Wanita yang belum menikah merasakan tekanan yang lebih tinggi untuk menikah daripada rekan-rekan pria mereka. Temuan ini menunjukkan bahwa, meskipun kesetaraan gender telah menjadi hasil dari proses pendidikan dan kemajuan industri, harapan sosial konvensional masih lekat dengan dukungan ‘feminitas normatif’ yang mengaitkan wanita dengan pernikahan dan kewajiban menjadi ibu (Simpson, 2016).

Keluarga dan orang tua dianggap memberikan tekanan paling signifikan untuk menikah dengan orang lajang.
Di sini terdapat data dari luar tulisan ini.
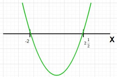 Zaznacz na osi OX rozwiązania równania. Naszkicuj parabolę skierowaną ramionami do góry, przechodzącą przez te punkty. Nie musisz wyznaczać wierzchołka paraboli.
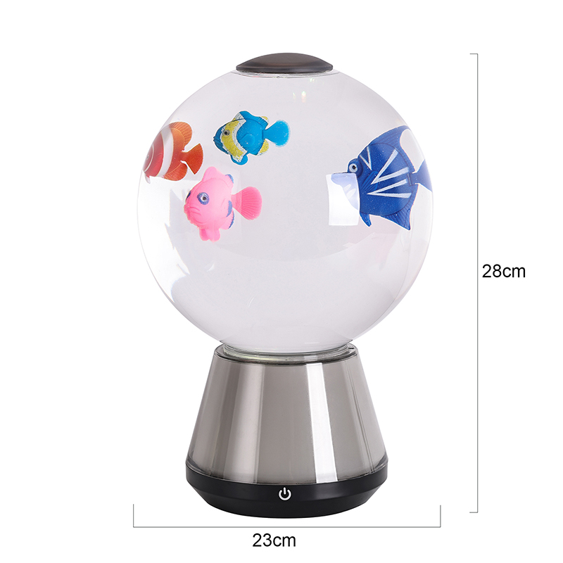 Keskosa on läbipaistev silindriline paak, mis on täidetud õrna, aeglaselt liikuva vedelikuga, mis suurendab veealuse liikumise illusiooni. Sees keerlevad keeruka disainiga miniatuursed haifiguurid, mis on kujundatud realistlike kontuuride ja peente detailidega, sujuvalt koos pehmete, voolavate meduusikujuliste elementidega, mida valgustavad sisemised LED-id. Kombineeritud liikumine loob dünaamilise, kuid rahustava visuaalse rütmi, kutsudes esile ookeanielu vaikset majesteetlikkust. Ükskõik, kas lõõgastute pärast tööd, mediteerite või aitate lapsel magama jääda, pakub see lamp rahulikku sensoorset kogemust, mis vähendab stressi ja tekitab imestust.

Penemuan ini adalah bukti kuat bahwa pernikahan masih dianggap baik dan pada saat yang sama, menandakan keberadaan proporsi ‘lajang sukarela’ yang cukup besar.

Di samping itu, hasil ini sepertinya tidak mendukung penelitian terbaru yang menunjukkan bahwa para lajang lebih bahagia daripada mereka yang menikah, sebagaimana dijabarkan dalam laporan Badan Pusat Statistik, (2015) berjudul “Indeks  kebahagiaan  Indonesia tahun  2014”

Pada umumnya, penelitian ini memberikan wawasan penting yaitu: meski jumlah jomblo semakin meningkat di Indonesia selama beberapa dekade terakhir, sebagian besar orang jomblo masih menghargai pernikahan dan secara intrinsik termotivasi untuk menikah di masa depan.

Kuatnya sikap mendukung pernikahan tetap ada, meskipun beberapa jomblo memiliki motivasi yang tidak jelas terhadap pernikahan yang akan mereka laksanakan. Penelitian ini juga menunjukkan kecenderungan kuat dari kebanyakan jomblo Indonesia untuk menjadi lajang hanya dalam sementara waktu, bukan sampai meninggal.

Apapun motif dan faktornya: Selamat menikah, sahabat.